Dzisiaj jest 20 września 2024 r.
Chcę dodać własny artykuł

„Nie mogę zebrać myśli”. Pierwsze słowa męża odnalezionej Izabeli

Mąż 35-letniej Izabeli, która odnaleziona została we wtorek po wielu dniach poszukiwań, zabrał głos. Mężczyzna przyznał, że nie kontaktował się z żoną po odnalezieniu, jednakże cieszy się, że jest już bezpieczna. Ponadto, odniósł się do spekulacji dotyczących ewentualnego związku Świadków Jehowy ze sprawą.

W informacji przekazanej we wtorek po południu pojawiła się wiadomość o odnalezieniu 35-letniej Izabeli, która była poszukiwana przez 11 dni, w domu znajomych w Bolesławcu. Niedługo potem, wygłodniała i wyczerpana kobieta trafiła na badania do miejscowego szpitala.

Tego samego dnia prokuratura wydała oświadczenie w tej sprawie, zapewniając, że życiu kobiety nie zagraża niebezpieczeństwo. Rzeczniczka Prokuratury w Jeleniej Górze, prok. Ewa Węglarowicz-Makowska, powiedziała dla polsatnews.pl, że pani Izabela złożyła oświadczenie na policji, wyrażając wolę braku kontaktu z rodziną oraz niechęć do informowania mediów o swoim aktualnym miejscu pobytu.

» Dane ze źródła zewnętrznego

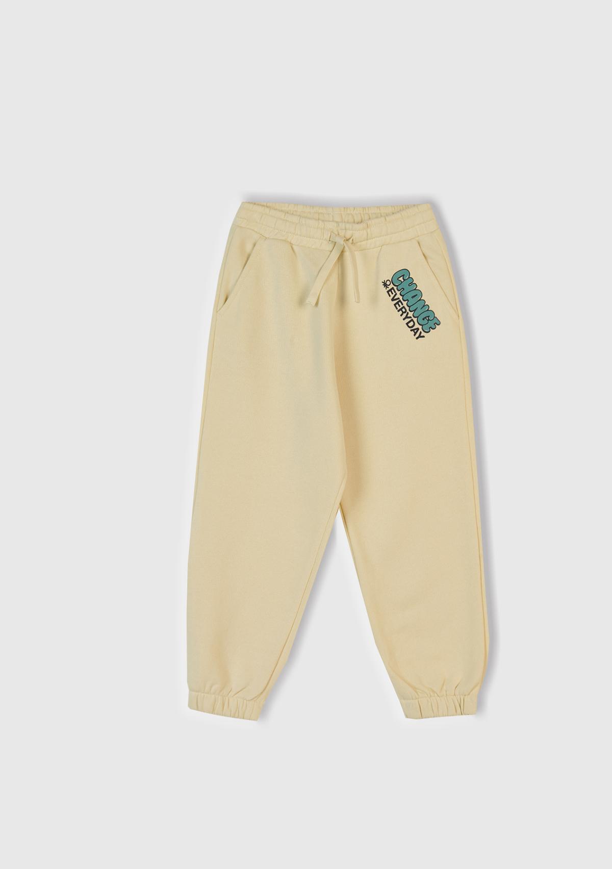 Erkek Çocuk Krem Baskılı Beli ve Bileği Lastikli İpli Eşofman Altı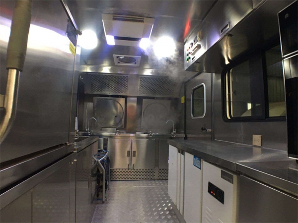 依維柯四驅底盤(pán)改裝的炊事車(chē),車(chē)廂經(jīng)過(guò)特殊材料制作而成。廂體外蒙材料可以采用玻璃鋼板或者彩鋼板,內飾材料采用不銹鋼板或者玻璃鋼板或者彩鋼板,廂體兩側采用上翻結構??梢栽O置單獨的隔離艙用于放置燃氣灶和儲物柜。車(chē)廂內部可以根據實(shí)際使用情況配備:廚房專(zhuān)用燃氣灶,水池,冰箱,電磁爐,開(kāi)水器,水箱等,也可以根據客戶(hù)要求配置,采用外接電源供電。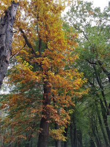Zaterdag liepen we een tocht uit het boekje Wandelen op de Veluwezoom vanuit Dieren. Deze tocht hadden we in augustus ook gelopen, maar nu in de herfst zag het er toch weer anders uit. Ik kreeg wel een beetje last van mijn knie door al het klimmen en dalen, maar een paar dagen rustig aan en het gaat weer beter. De herfst laat zich steeds meer zien al zijn de meeste bomen nog groen.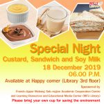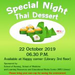 Special night for snack and beverage service at 06.30 p.m. on 22 October 2019. Available at Happy corner (Library 3rd floor). Sponsored by School of Medicine, School of Nursing and Learning Resources and Educational Media Center (MFU Library). Please bring your own cup for saving the environment.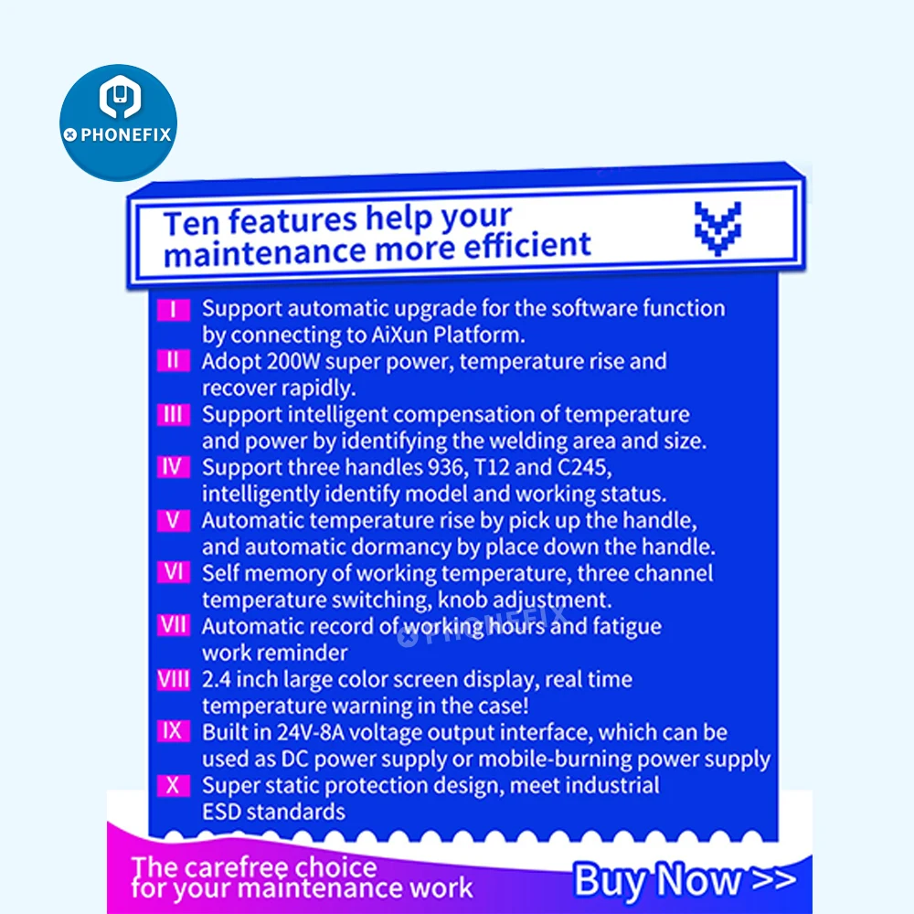 2. Принять 200 Вт Супер источник питания, только занимает 4 секунды для паяльника C245 для повышения до 380 ℃.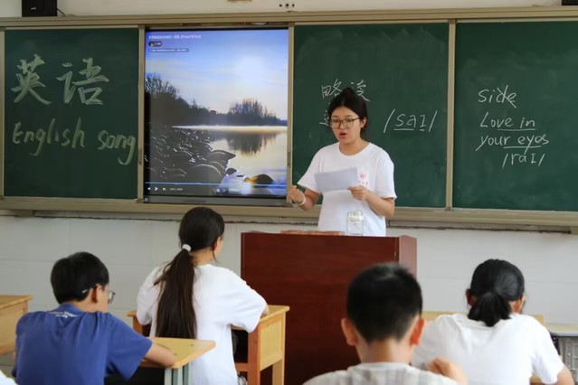 7月1日下午3:20,合肥大學(xué)語言文化與傳媒學(xué)院暑期三下鄉(xiāng)社會實踐教學(xué)組在石板沖鄉(xiāng)初級中學(xué)為當(dāng)?shù)貙W(xué)生帶來了一堂別開生面的英語課。此次課程由教學(xué)組成員劉嘉慧精心設(shè)計并授課,通過英語歌曲與課本知識相結(jié)合的方式,激發(fā)學(xué)生對英語學(xué)習(xí)的熱情,讓知識在歡樂中傳遞。
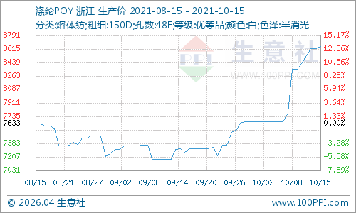 涤纶长丝行业受限电、限产影响去库存明显,利润情况得到修复,当前开工负荷在79%左右。价格方面维持小幅上行,根据生意社价格监测显示,截止10月15日江浙一带主流工厂,涤纶POY(150D/48F)报价在8450—7800元/吨,涤纶DTY(150D/48F低弹)报价在10250—10600元/吨,涤纶FDY(150D/96F)报价在8800—9050元/吨,10月11-15日期间各产品涨幅在2%左右。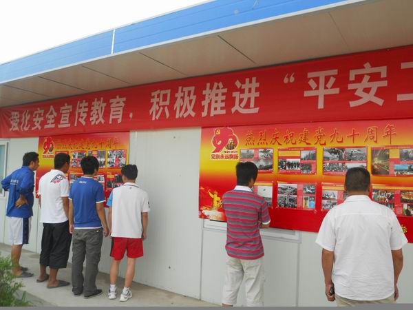 《黨旗永遠(yuǎn)飄揚》系列圖片展用大量翔實的資料照片生動地展現(xiàn)了中國共產(chǎn)黨90年來的輝煌成就。大家一邊觀看一邊激動地議論和感慨:“有了共產(chǎn)黨,才有了中國翻天覆地的變化,才有了中國繁榮富強的今天”。通過參觀,更加激發(fā)了員工們對中國共產(chǎn)黨的熱愛之情,堅定了大家的理想信念;激勵了項目一線員工更加積極的投入到蚌淮高速的施工建設(shè),為實現(xiàn)公司的“十二五”戰(zhàn)略規(guī)劃做出自己應(yīng)有的貢獻。晚上7點,在項目操場上,露天展映的抗日戰(zhàn)爭影片有紅色經(jīng)典影片《七七事變》、《狼牙山五壯士》、《地道戰(zhàn)》,讓大家又受了一次紅色精神的洗禮。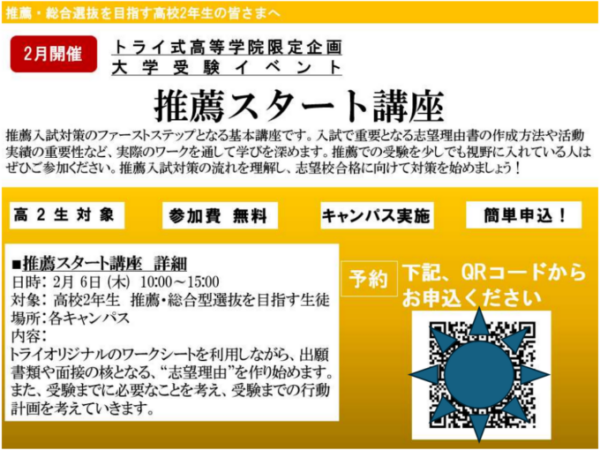 今日は『推薦スタート講座』についてお知らせです!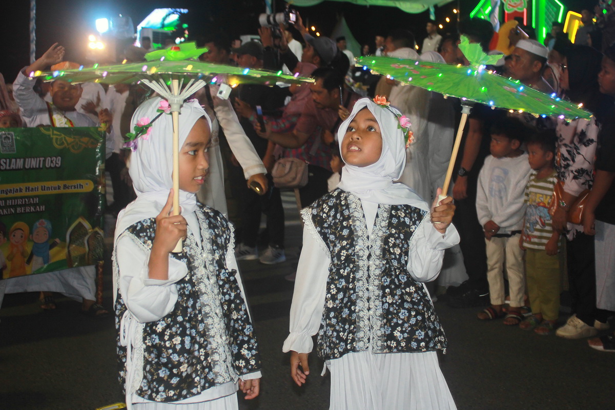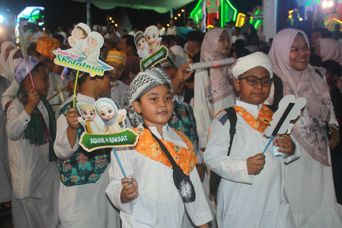 Santri TKA/TPA menjadi penampil pertama arak-arakan.

Po kontakcie z mężczyzną, który jest mężem zaginionej kobiety, „Gazeta Wrocławska” ujawniła, że nie utrzymywał on kontaktu z żoną po odnalezieniu. Mężczyzna podkreślił, że mimo trudności, najważniejsze dla niego jest to, że Izabela została odnaleziona i nie jest już zagrożona.

Dodatkowo zaznaczył, że nie wie, gdzie kobieta się udała, i zdaniem jego Świadkowie Jehowy, do których należała Izabela, nie mają nic wspólnego z jej zaginięciem. Ocenił, że nie ma powiązania pomiędzy nimi a całą sytuacją.

Izabela zaginęła 9 sierpnia w drodze z Bolesławca do Wrocławia, gdzie miała odebrać swojego ojca ze szpitala. Kontakt z ojcem został przerwany po informacji, że samochód, którym podróżowała, uległ awarii na 78. kilometrze autostrady A4. Następnie kobieta zniknęła bez śladu.

Ojciec zwrócił się o pomoc do znajomych, którzy udali się na miejsce zdarzenia, gdzie znaleźli porzucony samochód z telefonem kobiety wewnątrz. Po konsultacji z ojcem, znajomi rodziny wezwali lawetę.

Policja podjęła dwukrotne działania w okolicach dolnośląskiego odcinka autostrady A4 w związku z zaginięciem 35-latki. W poszukiwaniach wykorzystano drony, urządzenia GPS oraz psy tropiące.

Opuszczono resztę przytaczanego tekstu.